Posted to issues@hbase.apache.org by "ClownfishYang (Jira)" <ji...@apache.org> on 2020/12/02 09:59:00 UTC
[jira] [Updated] (HBASE-25350) The scan command gives a row, but
get does not have this row.
[ https://issues.apache.org/jira/browse/HBASE-25350?page=com.atlassian.jira.plugin.system.issuetabpanels:all-tabpanel ]

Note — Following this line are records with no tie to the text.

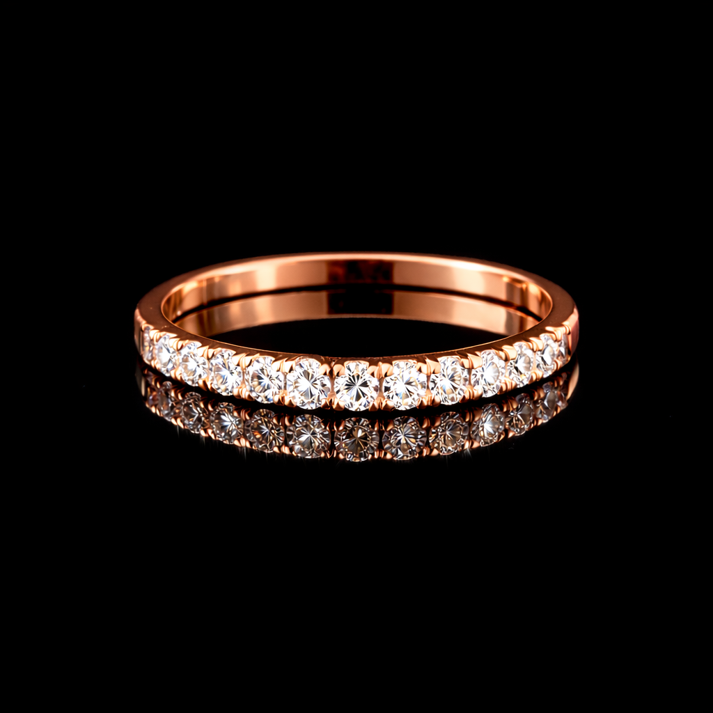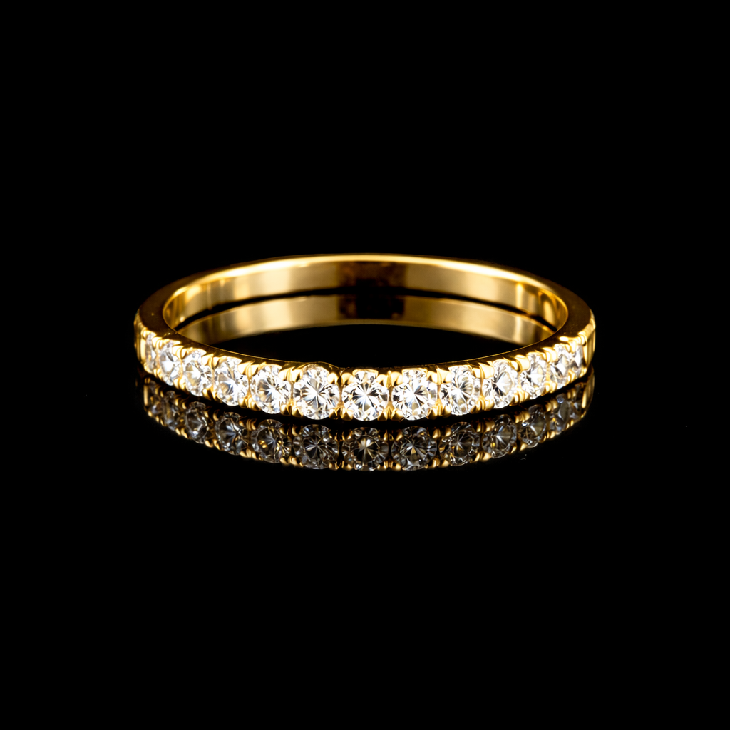 תכשיט עדין זוהר ואלגנטי, טבעת פס יהלומים, משקל יהלומים: 0.18 נקודות. משקל זהב: 1.50 גרם צבע טבעת: זהב, זהב לבן, זהב אדום
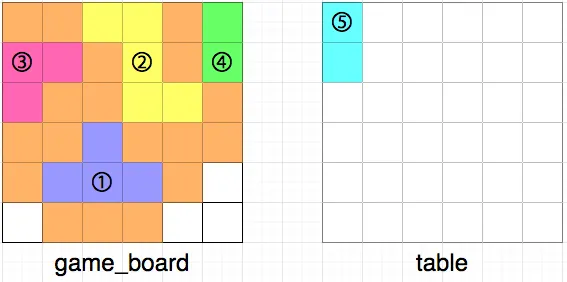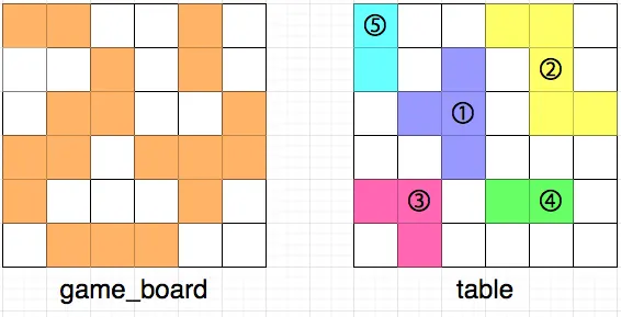 즉, 테이블은 game_board와 같은 크기의 정사각 격자 모양입니다.
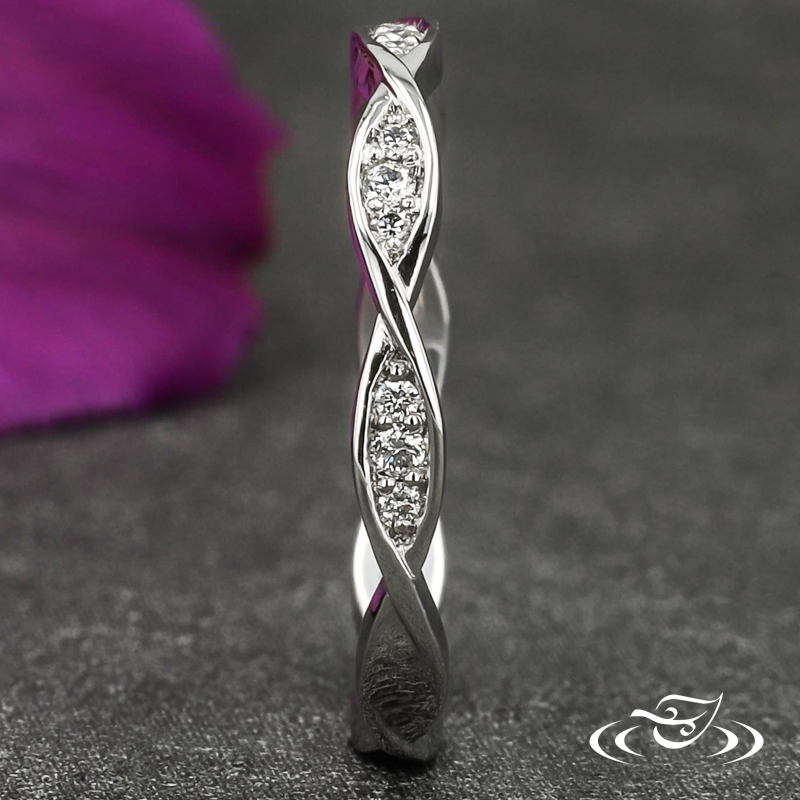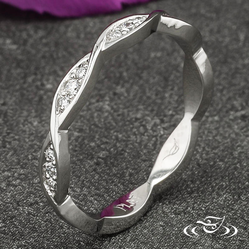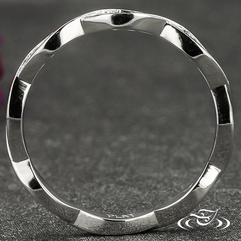 Custom 950 platinum band with round shank and high polish finish. Top face features marquise shaped twists eternity style, (5) of which each hold (3) GLJW provided round brilliant lab diamond melee bead set.
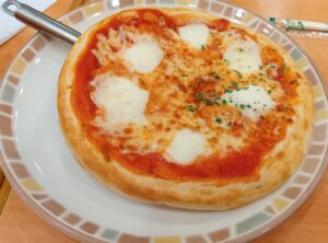 どこで食事をしたり近況報告をしようかということになり、入店してからの時間制限がなくお財布に優しいリーズナブルなレストランというと「サイゼリヤ」かな、となりました。平日のランチメニューは、スープとサラダがセットになっているのとセットドリンクバーが魅力的です。
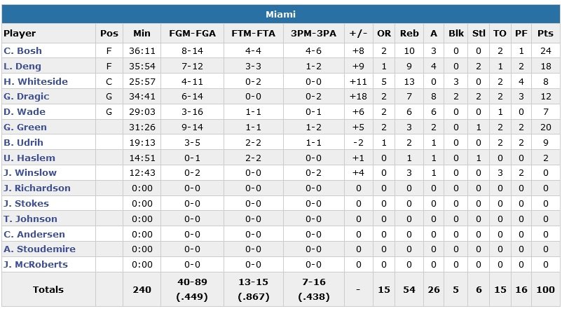Depuis son très bon départ (7V-1D), Atlanta (60 victoires la saison passée) a perdu 11 de ses 17 derniers matchs. Kent Bazemore a effectué son retour dans le 5 majeur et a fêté ça en battant son record en carrière (28 points à 11/18 et 5 rebonds) mais n’a pas reçu énormément d’aide, son équipe shootant à 39.3% sur la rencontre. Miami avait de son côté effacé une série de 3 défaites contre Memphis hier et ce malgré un déficit de 16 points dans la rencontre. Cette fois, les Floridiens ont confortablement mené tout au long du match. Malgré un morceau de dent arraché dans le troisième quart-temps, Goran Dragic a poursuivi son match après l’arrêt des saignements et termine à 12 points à 6/14, 7 rebonds et 8 passes.
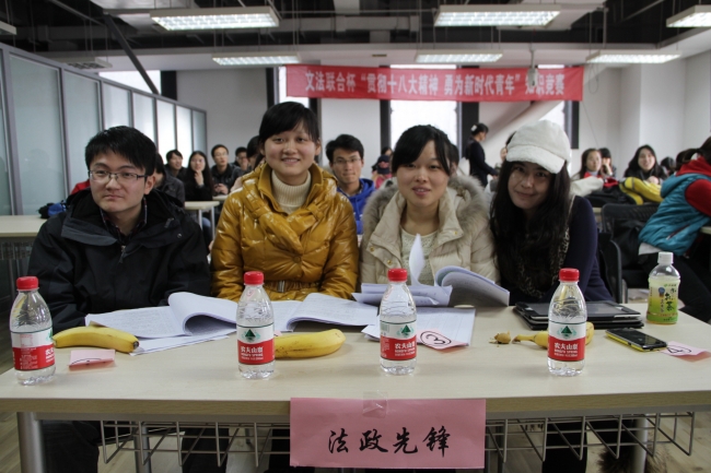 12月14日,由1946伟德国际源自英国、马克思主义、人文公司和政治与国际关系公司联合主办的文法联合杯之“贯彻十八大精神,勇为新时代青年”知识竞赛在综合楼1503室隆重举办。
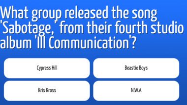 3/10 is the score to beat in this trivia quiz to put yourself over the average quiz taker. But you're probably going to be able to answer questions "What group released the song 'Sabotage,' from their fourth studio album 'Ill Communic.." and "In 1997, which artist released the UK number 1 album 'Blur'?" easy!
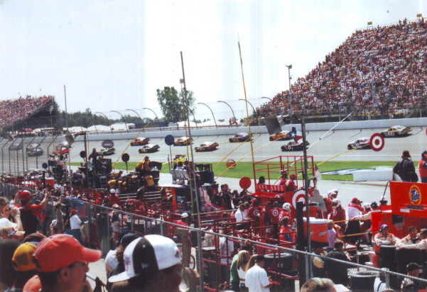 The race was held at Michigan International Speedway, a two-mile (3.2 km) moderate-banked D-shaped speedway located in Brooklyn, Michigan. The track is used primarily for NASCAR events. It is known as a "sister track" to Texas World Speedway as MIS's oval design was a direct basis of TWS, with moderate modifications to the banking in the corners, and was used as the basis of Auto Club Speedway. The track is owned by International Speedway Corporation. Michigan International Speedway is recognized as one of motorsports' premier facilities because of its wide racing surface and high banking (by open-wheel standards; the 18-degree banking is modest by stock car standards).

ClownfishYang updated HBASE-25350:
----------------------------------
Description:
Hbase version:1.1.2
We used Hbase as a real-time database and then used hive external tables for our queries, but found that there was a problem with the data query for one table.
{code:java}
// sql, result id in (12045075, 12045076,...)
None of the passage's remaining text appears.